→ **TASK DIRECTIONS**:
The data below is to be written out exactly, with no pictures.

→ **DATA BELOW**:
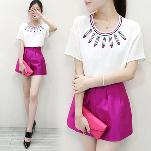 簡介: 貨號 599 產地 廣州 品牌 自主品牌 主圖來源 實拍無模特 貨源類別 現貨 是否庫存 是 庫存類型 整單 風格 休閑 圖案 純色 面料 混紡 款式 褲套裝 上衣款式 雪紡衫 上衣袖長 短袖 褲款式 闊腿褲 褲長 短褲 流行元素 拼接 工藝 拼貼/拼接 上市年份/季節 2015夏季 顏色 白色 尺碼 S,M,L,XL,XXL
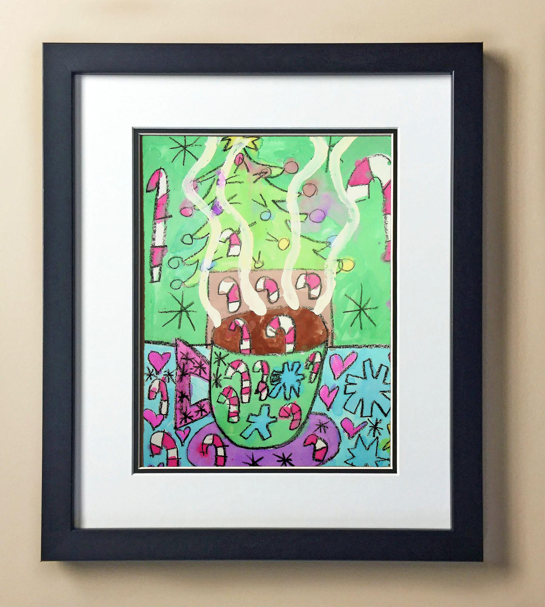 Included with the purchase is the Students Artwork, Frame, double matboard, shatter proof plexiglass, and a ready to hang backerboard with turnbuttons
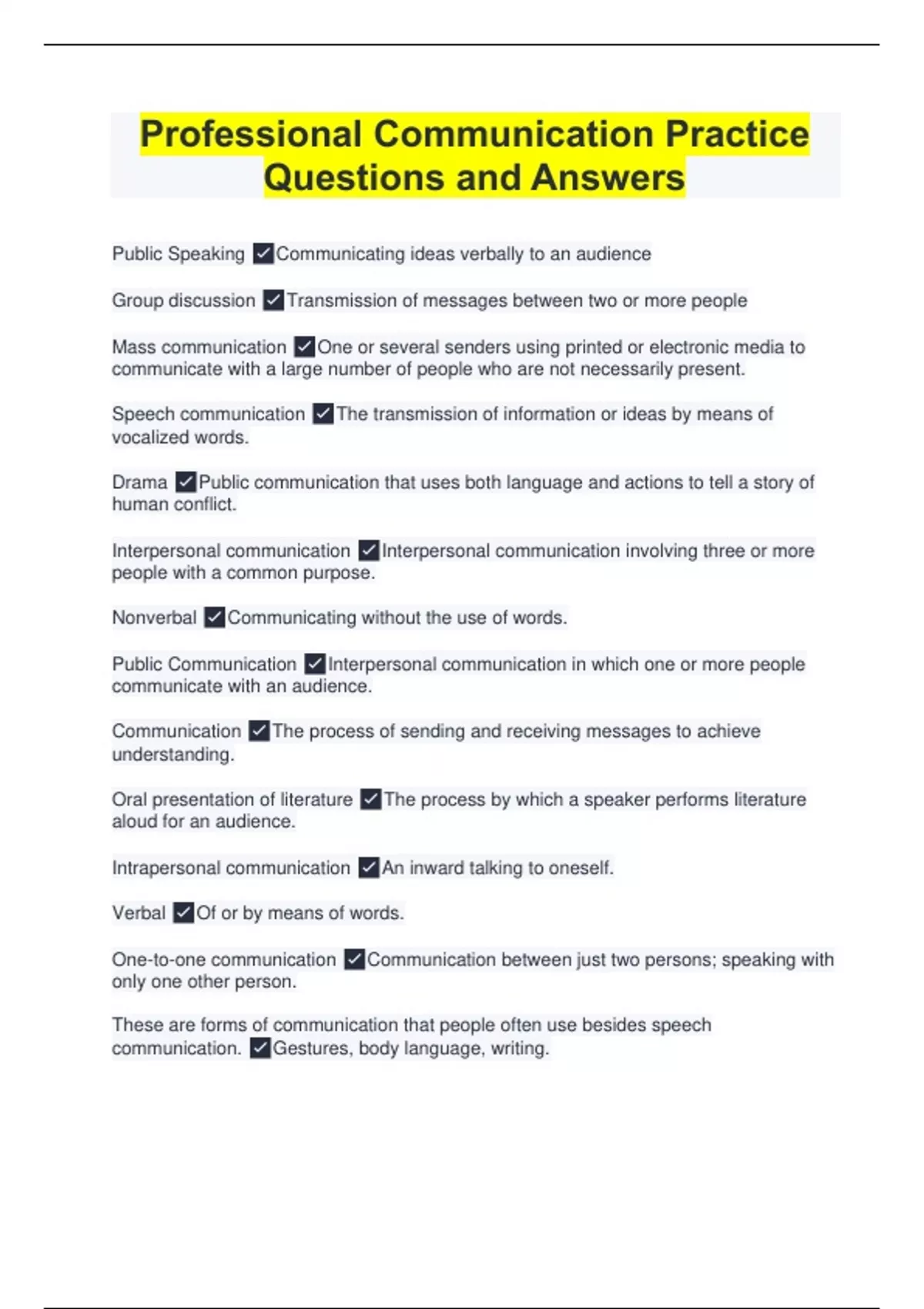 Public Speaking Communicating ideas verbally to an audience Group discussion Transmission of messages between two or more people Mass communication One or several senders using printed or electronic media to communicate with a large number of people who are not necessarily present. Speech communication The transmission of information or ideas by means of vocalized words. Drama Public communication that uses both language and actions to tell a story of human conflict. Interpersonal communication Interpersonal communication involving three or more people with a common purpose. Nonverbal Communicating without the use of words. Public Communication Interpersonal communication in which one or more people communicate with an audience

→ **OUTPUT BELOW**:
 簡介: 貨號 599 產地 廣州 品牌 自主品牌 主圖來源 實拍無模特 貨源類別 現貨 是否庫存 是 庫存類型 整單 風格 休閑 圖案 純色 面料 混紡 款式 褲套裝 上衣款式 雪紡衫 上衣袖長 短袖 褲款式 闊腿褲 褲長 短褲 流行元素 拼接 工藝 拼貼/拼接 上市年份/季節 2015夏季 顏色 白色 尺碼 S,M,L,XL,XXL
 Included with the purchase is the Students Artwork, Frame, double matboard, shatter proof plexiglass, and a ready to hang backerboard with turnbuttons
 Public Speaking Communicating ideas verbally to an audience Group discussion Transmission of messages between two or more people Mass communication One or several senders using printed or electronic media to communicate with a large number of people who are not necessarily present. Speech communication The transmission of information or ideas by means of vocalized words. Drama Public communication that uses both language and actions to tell a story of human conflict. Interpersonal communication Interpersonal communication involving three or more people with a common purpose. Nonverbal Communicating without the use of words. Public Communication Interpersonal communication in which one or more people communicate with an audience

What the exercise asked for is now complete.